→ **Brief**: The line containing "Ecliptek | 表面貼裝晶體振蕩器" marks the start; extract exactly from it through the last line of the entries, and omit any pictures.

→ **Data listing**:
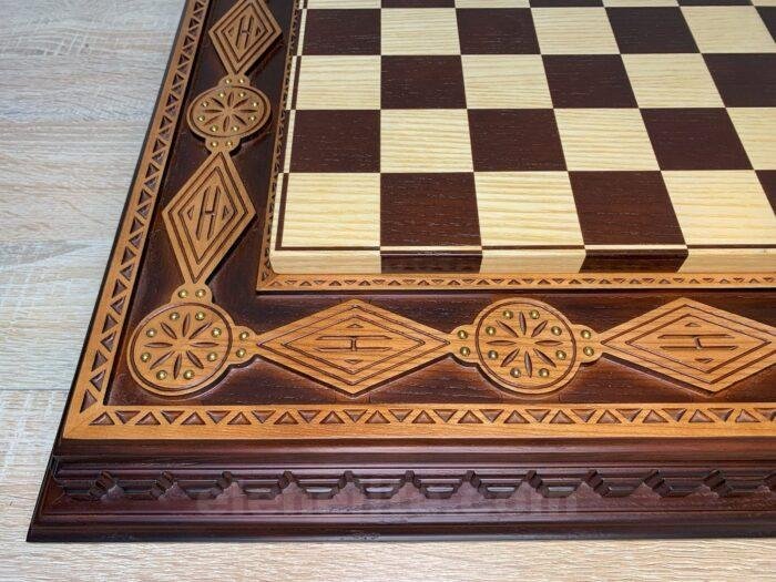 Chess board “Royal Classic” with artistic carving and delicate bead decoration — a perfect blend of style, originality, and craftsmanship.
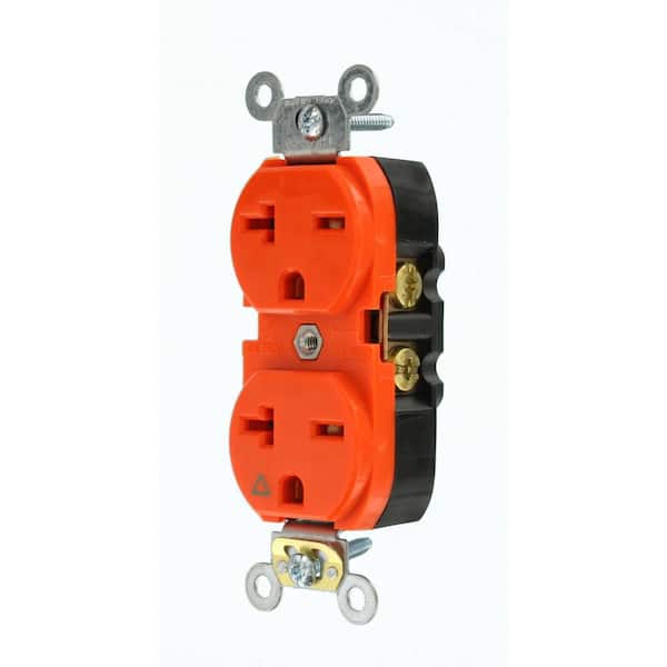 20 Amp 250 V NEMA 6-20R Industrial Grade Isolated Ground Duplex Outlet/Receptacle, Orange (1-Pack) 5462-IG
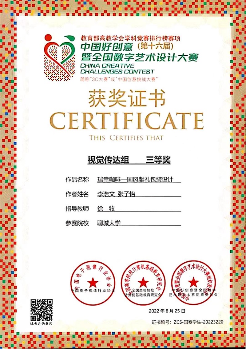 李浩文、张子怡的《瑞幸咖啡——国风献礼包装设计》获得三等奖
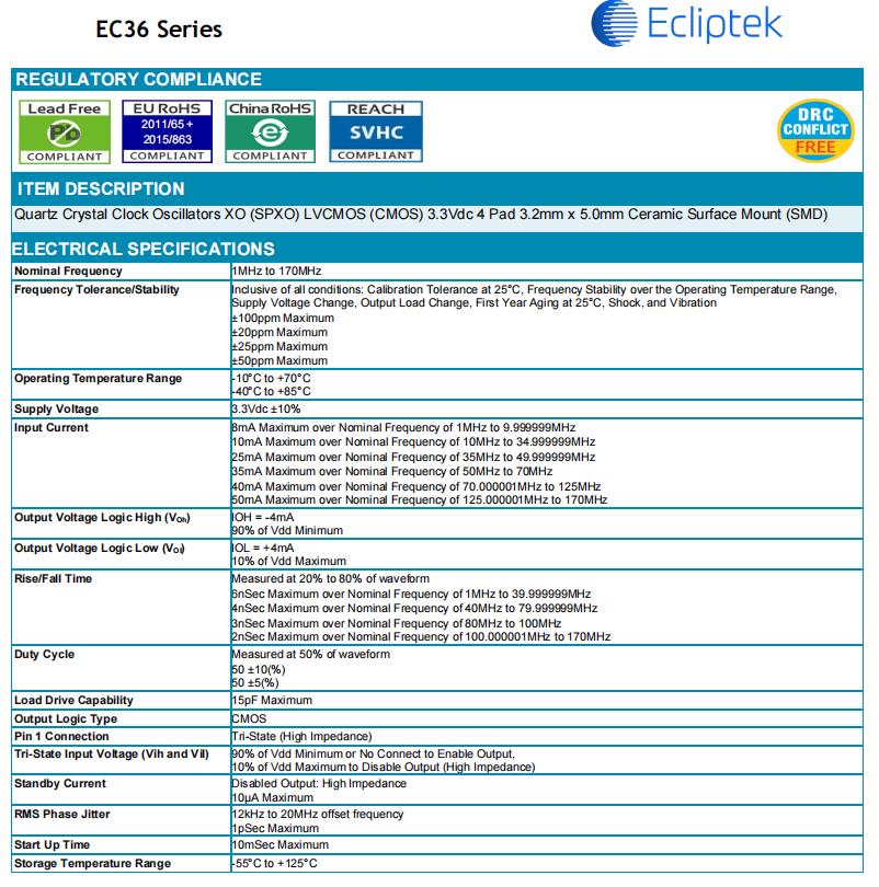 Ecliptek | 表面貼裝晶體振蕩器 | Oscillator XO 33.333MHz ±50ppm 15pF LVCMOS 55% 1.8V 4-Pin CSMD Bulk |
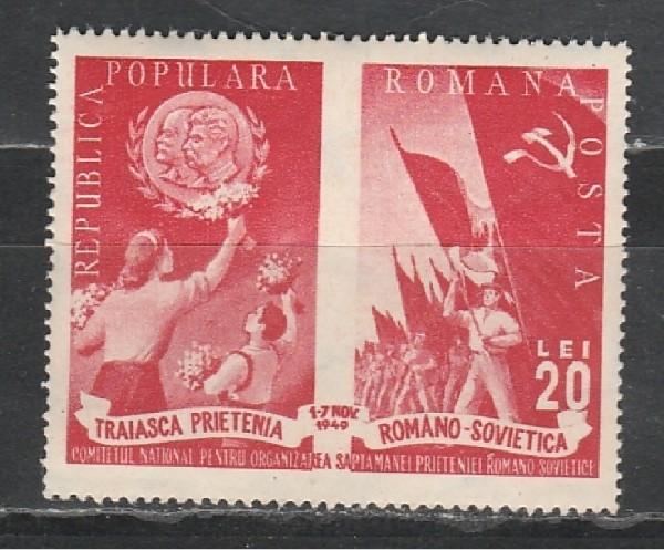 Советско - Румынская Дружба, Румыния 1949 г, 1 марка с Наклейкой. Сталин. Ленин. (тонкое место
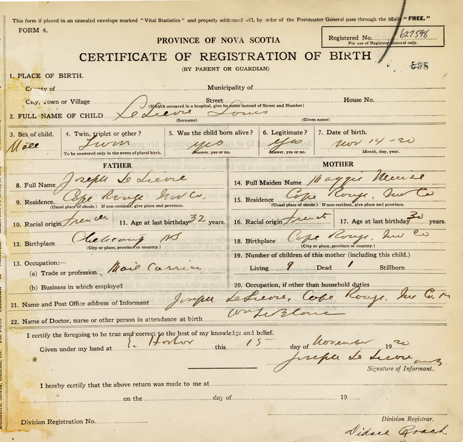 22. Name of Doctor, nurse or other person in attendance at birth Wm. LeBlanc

→ **Exercise response**:
 Ecliptek | 表面貼裝晶體振蕩器 | Oscillator XO 33.333MHz ±50ppm 15pF LVCMOS 55% 1.8V 4-Pin CSMD Bulk |
 Советско - Румынская Дружба, Румыния 1949 г, 1 марка с Наклейкой. Сталин. Ленин. (тонкое место
 22. Name of Doctor, nurse or other person in attendance at birth Wm. LeBlanc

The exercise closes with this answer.